Dataset items:
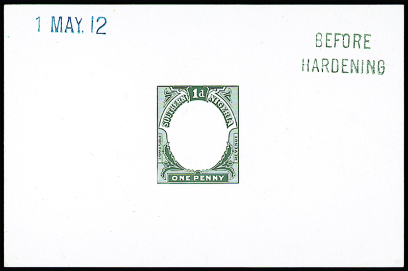 1912 1d. frame die proof in black on glazed card (92x60mm.), marked "before hardening" and dated "1 may 12"; fine. Photo
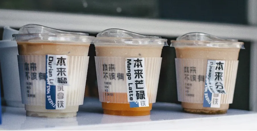 表達也很有趣,門口標牌寫着**“咖啡哪有上班苦”,產品名叫“本來榴戀”、“本來不柑”、“本來油泥”**(牛油果厚乳拿鐵)。
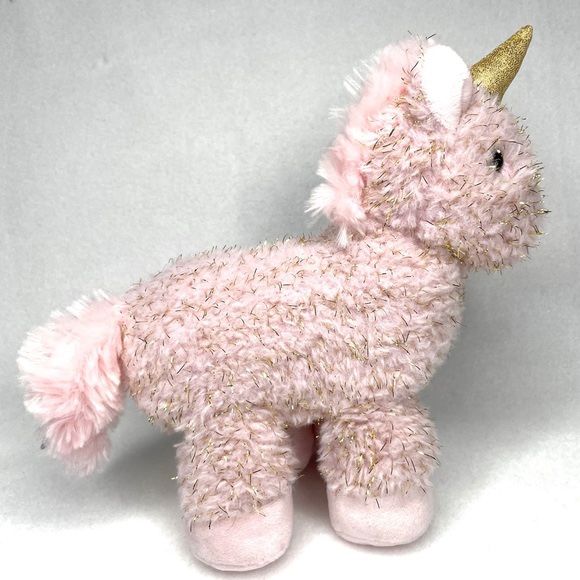 "Manhattan Toy Pink Unicorn Plush Mon Ami Tinsel Glitter 9” NWT From smoke free home."
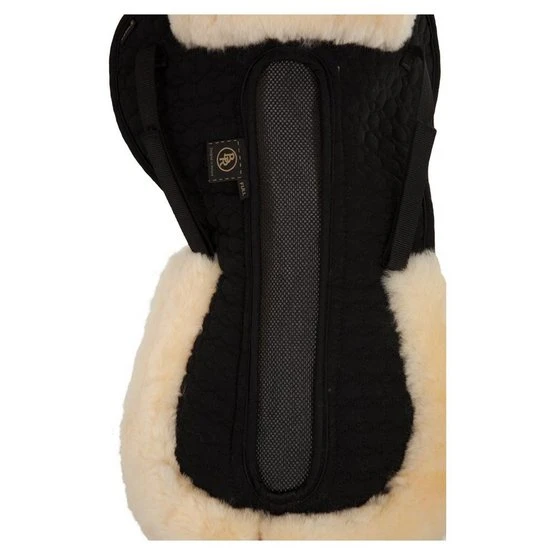 Baumwoll-Sattelunterlage mit Rand aus medizinisch gegerbtem Lammfell. Die Unterlage hat eine Aussparung für den Wirbelkanal aus Air Mesh. Dank dieser Air Mesh-Aussparung wird die Luftzirkulation verbessert und der Wirbelkanal bleibt kühler.
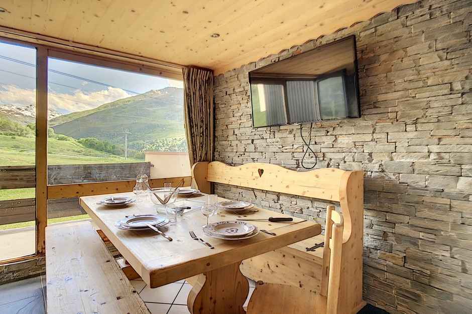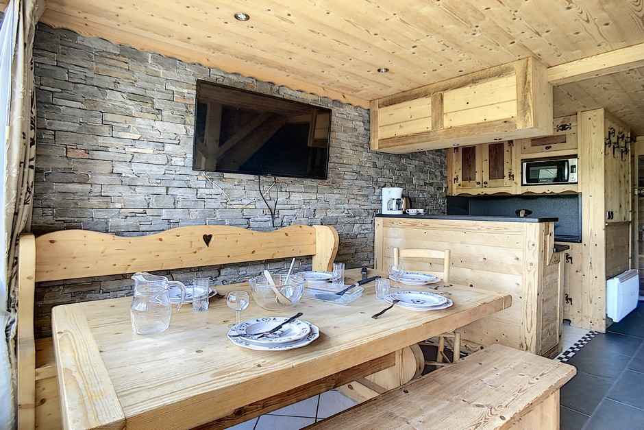 Superbe appartement entièrement rénové avec 3 pièces de 45 m² pour 6 personnes. il est situé en rez de neige avec un balcon orienté sud. entrée 3.
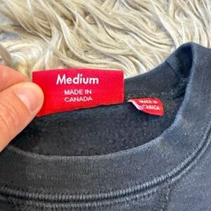 Supreme Zig Zag Stitch Panel Crewneck sweatshirt Black Size medium. Has a bleach mark on the back of one sleeve as pictured.
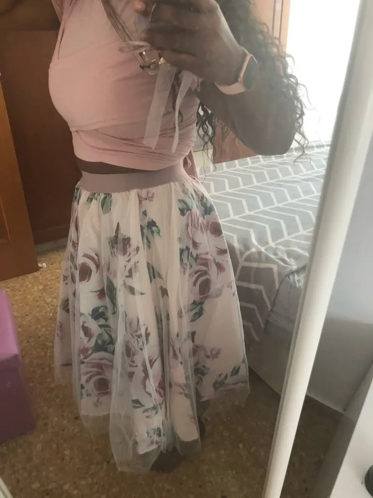 Выглядит так красиво, как на картинке. Материал хорошего качества, юбка хорошо сидит и выглядит потрясающе. Как правило, я ношу размер 38, wziedloam L и прекрасно ложится. Что касается цены, очень рекомендую этот комплект, стоит того.
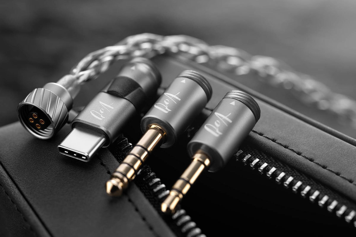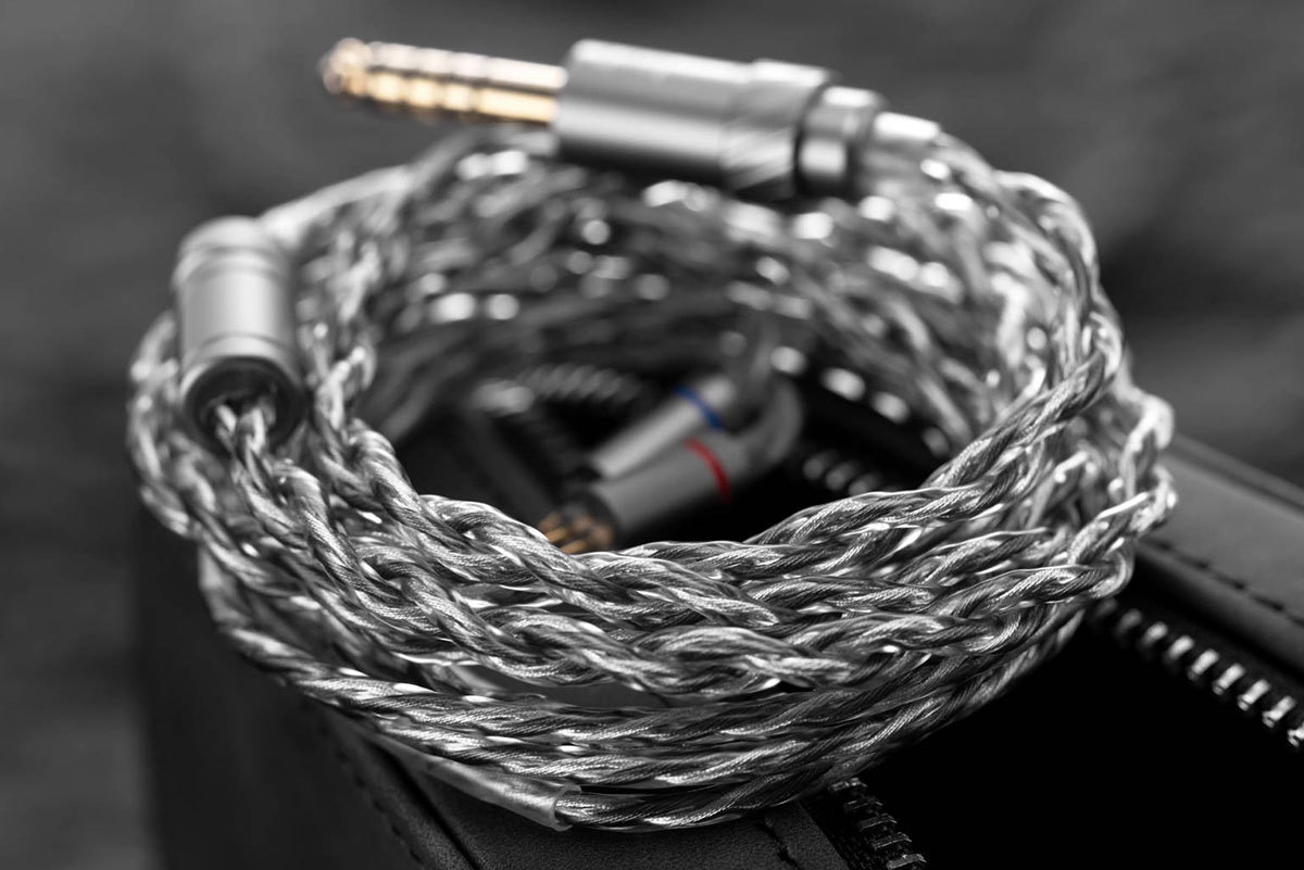 付属ケーブルは銀メッキ高純度銅を用いたクロス編み構造で、0.78mm 2ピンコネクターにより着脱が可能。プラグも着脱交換が可能で、3.5mm/4.4mmバランス/DAC内蔵USB Type-Cの交換用プラグが用意される。イヤーピースは、音の傾向が異なる3種類(パープル/ブラック&レッド/ブラック)をの各サイズで同梱する。
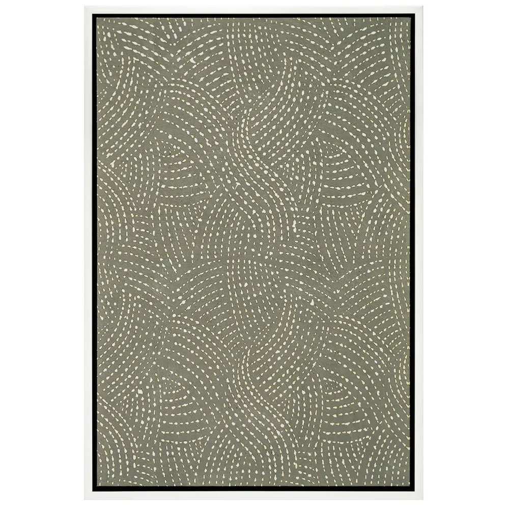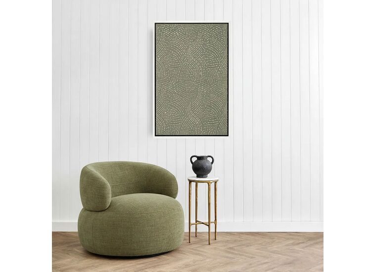 Immerse yourself in the timeless elegance of Serendipity Canvas Painting, where delicate white dotted circular patterns evoke a sense of sophistication and intrigue against a soothing olive green palette.
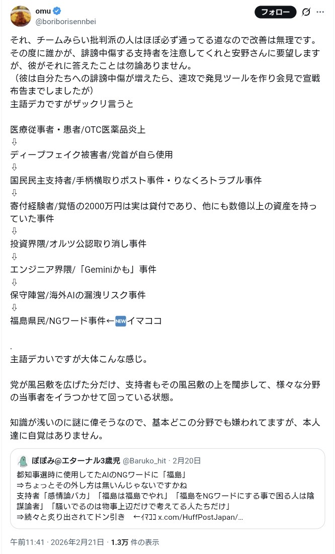 | … | 752無念Nameとしあき26/02/21(土)19:59:33No.1388980833+批判が集中して支持者が突然SNSに湧いてきたけど |
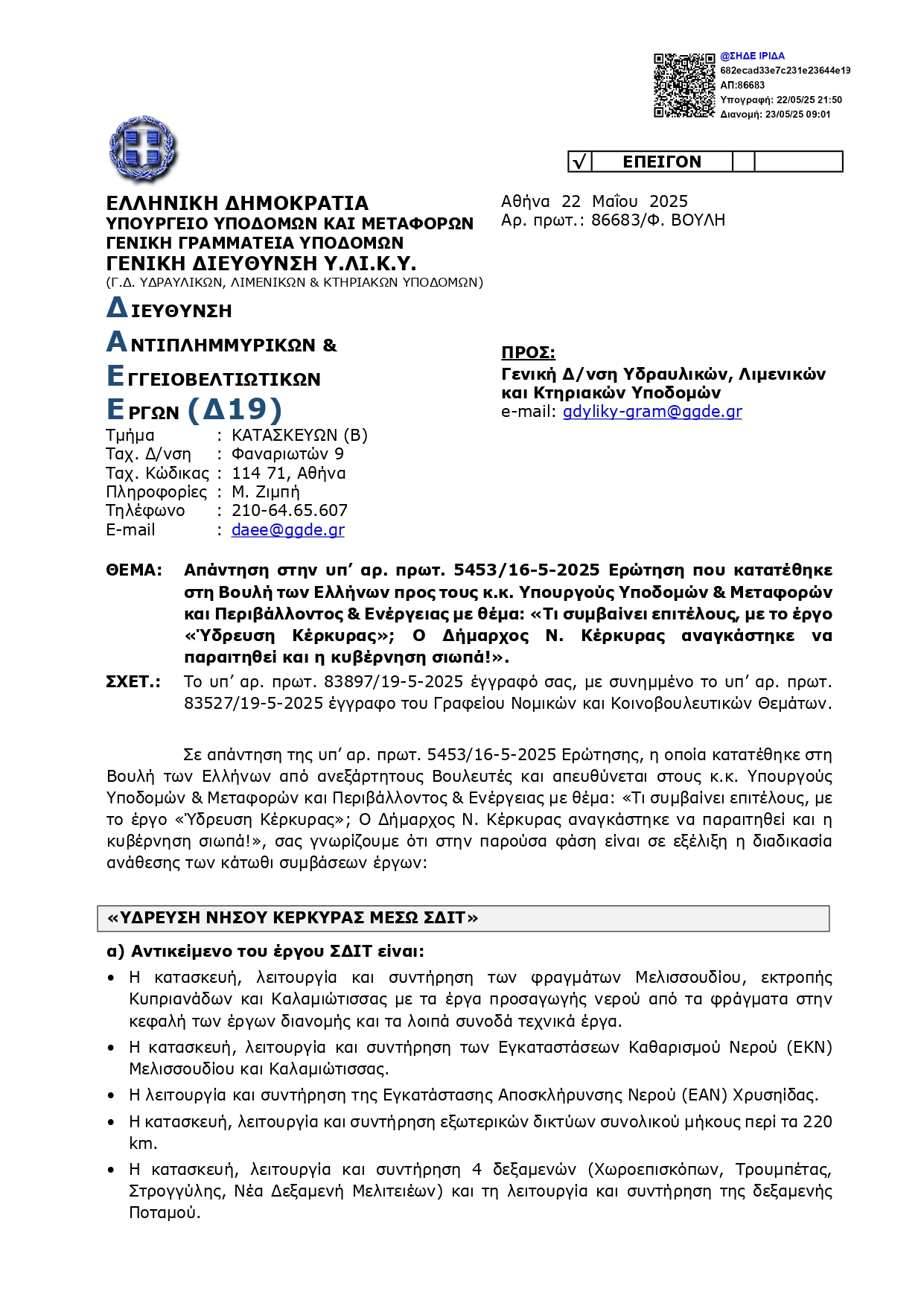 Κατά τα λοιπά, από την απάντηση δεν προκύπτει (και πάλι) ότι εξετάζεται άλλη μέθοδος για την ύδρευση της Κέρκυρας, πέραν της γνωστής των φραγμάτων και των συνοδών έργων. Και βέβαια, ούτε λέξη για το ποιο είναι τελικά το σχέδιο της κυβέρνησης απέναντι στα οξυμμένα προβλήματα υδροδότησης του νησιού.
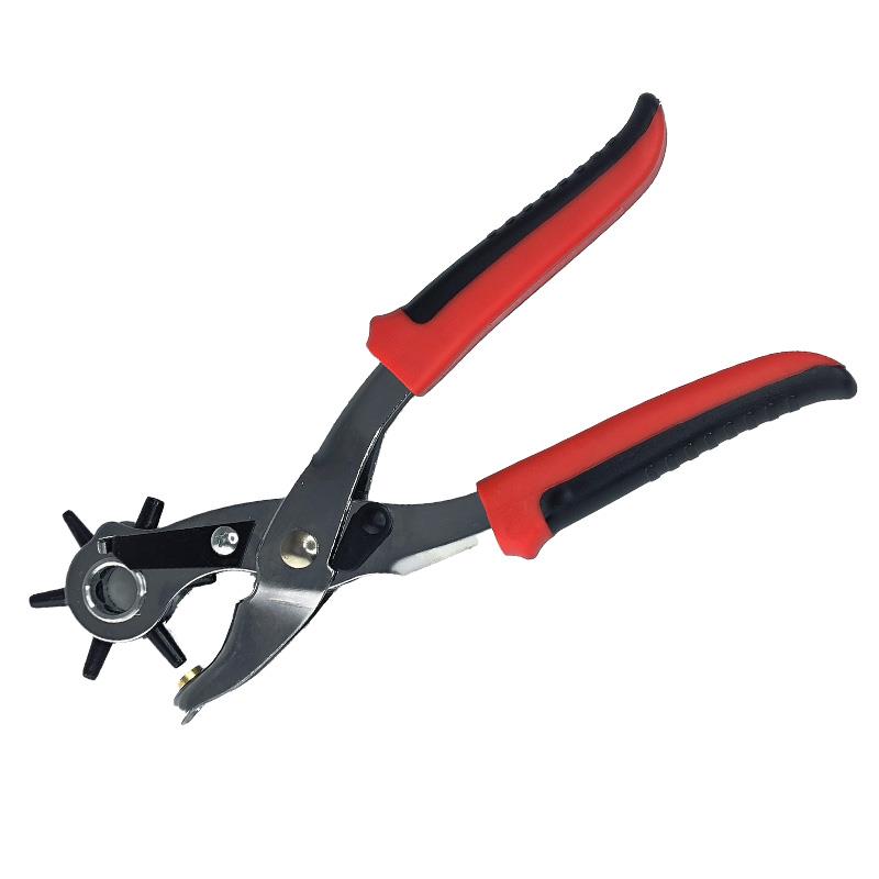 - Cabezales de perforación intercambiables que perforan agujeros limpios en cuero y otros materiales blandos.

### EXERCISE OBJECTIVE
Without the pictures, repeat the entries above line by line, from the first through the one that contains "Toy Pink Unicorn", both ends included.

### COMPLETED TASK
 1912 1d. frame die proof in black on glazed card (92x60mm.), marked "before hardening" and dated "1 may 12"; fine. Photo
 表達也很有趣,門口標牌寫着**“咖啡哪有上班苦”,產品名叫“本來榴戀”、“本來不柑”、“本來油泥”**(牛油果厚乳拿鐵)。
 "Manhattan Toy Pink Unicorn Plush Mon Ami Tinsel Glitter 9” NWT From smoke free home."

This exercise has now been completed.